Il rating e lo spread (complementari l'uno dell'altro), rappresentano due modi diversi per dare un giudizio su un Paese. Il primo è fornito da un soggetto privato, il secondo dal mercato. Ebbene, perché lo spread dovrebbe poter esprimere il giudizio sulla capacità di solvenza di un Paese in seguito alle esternazioni della politica e il rating non dovrebbe poterlo fare? E’ evidente che il rischio sulla solidità di un Paese riflette sia il rischio economico che quello politico. Se c’è incertezza sul piano politico, aumenta anche quella sul piano economico. Un’agenzia di rating non può tenerne conto. E’ naturale, quindi, che uno Stato instabile abbia un rating più basso.

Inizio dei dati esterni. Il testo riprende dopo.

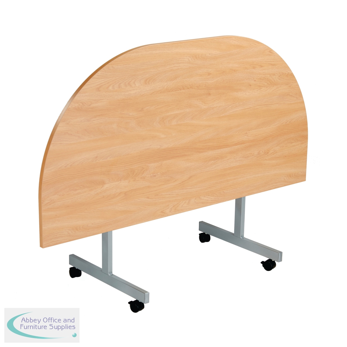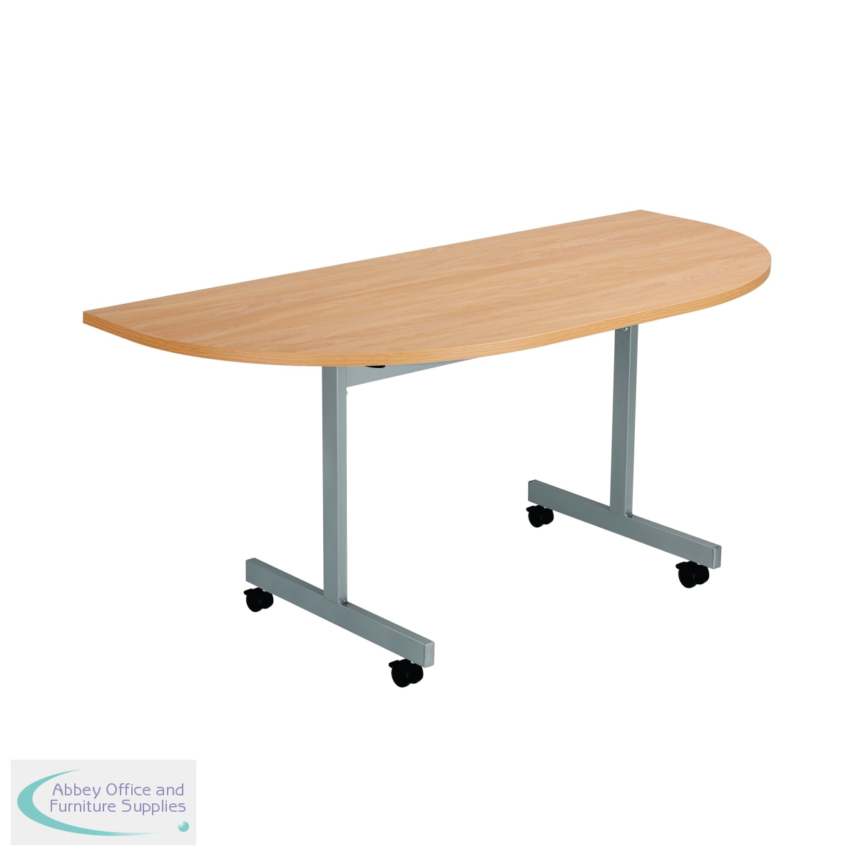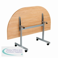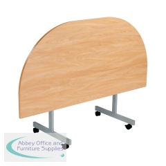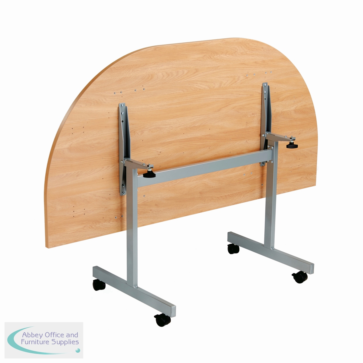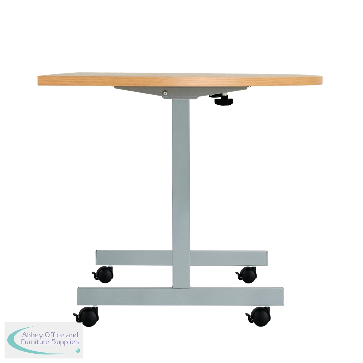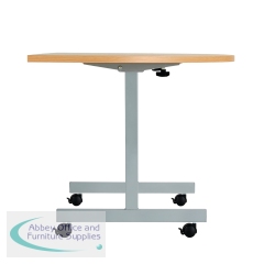 This economical mobile flip-top table has a hard-wearing MFC top and silver legs with black castors. The table nests for easy storage when not in use.

Cosa ne pensa, invece, della limitazione al numero dei giudizi?

Beh, i giudizi si dovrebbero emettere all’atto delle emissioni. E, oltretutto, se da qui ai prossimi due o tre mesi dovesse accadere un fatto politico o economico determinante, perché l’agenzia non dovrebbe poter adeguare il proprio giudizio al corso degli eventi? Inoltre, non dobbiamo dimenticare che il valore e lo spread di un un certo titolo di debito possono subire variazioni di minuto in minuto. Posto, quindi, che il rating non dovrebbe riflettere le medesime variazioni di breve periodo, ma i fondamentali, è anche sbagliato, come fanno in molti, stupirsi del fatto che il giudizio delle agenzie non cambi parallelamente a quello degli spread.

Non crede che ogni problema si sarebbe potuto risolvere alla radice, se le istituzioni avessero avuto la forza e la volontà di creare un’agenzia europea?

Non vedo come un soggetto che ha il compito di valutare un’istituzione pubblica possa, a sua volta, essere pubblica. L’unico motivo consisterebbe nel darci da soli voti migliori. Mi pare, per lo più, una questione da campagna elettorale.

 

(Paolo Nessi)



© Riproduzione Riservata.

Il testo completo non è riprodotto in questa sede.